Wednesday, September 26, 2018

Was John Betjeman the new McGonagall?

So, the hotel we stayed in in London was within sight of the Marble Arch.  And in our room was a little brochure giving a brief history of the Arch itself. And in that brochure they reprinted a poem about the Arch by Poet Laureate Sir John Betjeman which I thought fell in the so-bad-it's-good category. Here's it is in somewhat abbreviated form.

How beautiful the London air, how calm and unalarming
This height above the archway where the prospects round are charming.
Oh come and take a stroll with me and do not fear to stumble.
Great Cumberland, your place I see, I hear your traffic rumble.
See Oxford Street on my left hand, a chasm full of shopping.
Below us traffic lights command the starting and the stopping.
And on my right the spacious park, so infinitely spacious,
So pleasant when it isn't dark but when it is -- good gracious!
. .  . trodden by unheeding feet a spot which memory hallows:
Where Edgware Road meets Oxford Street stood Tyburn's fearsome gallows.
What martyrdoms this place has seen, what deeds much better undone.
Yet still the greatest crime has been the martyrdom of London . . . 

--JB, 1968

Not having read much of Betjeman's stuff, I can't say how typical this is of him. Was his poetry, and his championing of Victorian erections like the Albert Memorial, all part of a pose, like carrying a teddy bear with him when a student at Oxford?

--John R.


David Bratman said...

What's reminding you of McGonagall are the lengthy lines, jogging rhythm, and detailed verbal descriptions.

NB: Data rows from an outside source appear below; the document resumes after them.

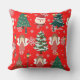 Traditional red Xmas design with text, Santa and Christmas trees Throw pillow for family.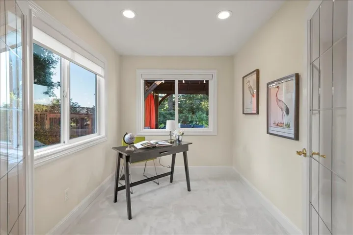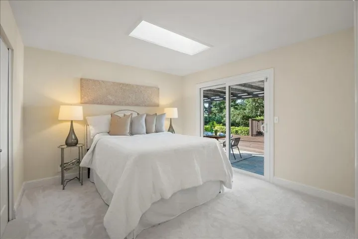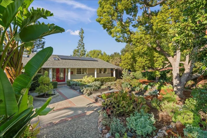 Welcome to this beautifully remodeled Belwood home with Valley & City Light views . Double custom etched glass door entry with a skylight. Spacious updated kitchen with a large center island, skylight, granite counter tops, stainless steel appliances, gas cook top, built-in wine refrigerator. Breakfast nook. Stone & hardwood floors. New carpeting in all bedrooms. Living & dining room combination with a decorative fireplace. Remodeled modern hall bathroom with stone & glass surfaces. 2nd full bathroom with a stall shower. Oversized primary bedroom with three closets & built-in’s, ceiling fan, sitting area, double sided gas fireplace. Primary bathroom with double sinks, granite counter tops and vanities, stall shower and jetted tub. Crown moulding, closets with built-ins, double pane windows and sliders. Inside laundry room with a wash basin. Recessed lights throughout. Double pane windows/sliders. Owned solar and Powerwall. New HVAC & ducts. Earthquake retrofit. New sewer line to street. Tankless water heater. Large backyard with decking, pergola, numerous fruit trees and valley views. Mature landscaping and succulents. Cozy front porch. Close to Belgatos Park & Santa Rosa Trail. Home belongs to Bellwood Pool Association. Noddin Elementary, Union Middle School, Leigh High School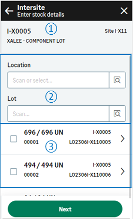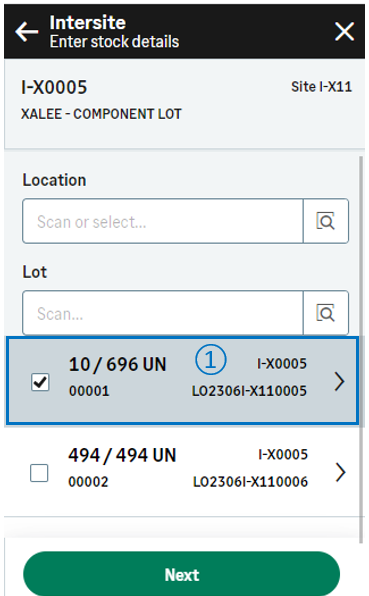 Note - informationIn this transaction, these filters do not display in the order in which you have defined them in the Mobile Automation setup function. They always display in the following order: Location, Lot, Sublot, Serial number (when the management mode is Received/Issued), Status, Packing unit, PAC/STK conversion factor, Identifier 1 and Identifier 2, Custom field 1 and Custom field 2.ExampleIn the Mobile Automation setup function, the Lot and the Location are the 2 filters defined for the I-X11 site.

That's not enough to make a poet a McGonagall, not by a long shot. Betjeman entirely lacks McGonagall's ineptness at rhyme and meter, or the pervasive bathos of his treatment of his subject matter.

Also, if you're judging Betjeman as a whole, and not just this example, Betjeman wrote many lyrical verses with tighter lines. McGonagall couldn't.

Garkbit said...

That is pretty dreadful though! But even the first google hit for a Betjeman shows how much better than that he could be - "Crematorium" at

Clive Shergold said...

Methinks Mr B. is cocking a snook at a less salubrious side of London life. Marble Arch, for all it is a well-known landmark, is actually in the centre of a four-lane roundabout, punctuated by six sets of traffic lights, fed by four major and two lesser roads, and one of the more continuously busy junctions in the capital. A less likely spot to exemplify the peace, tranquillity and fresh air of London would be hard to find. Perhaps the poet felt that this poem expressed his actual sentiments very well?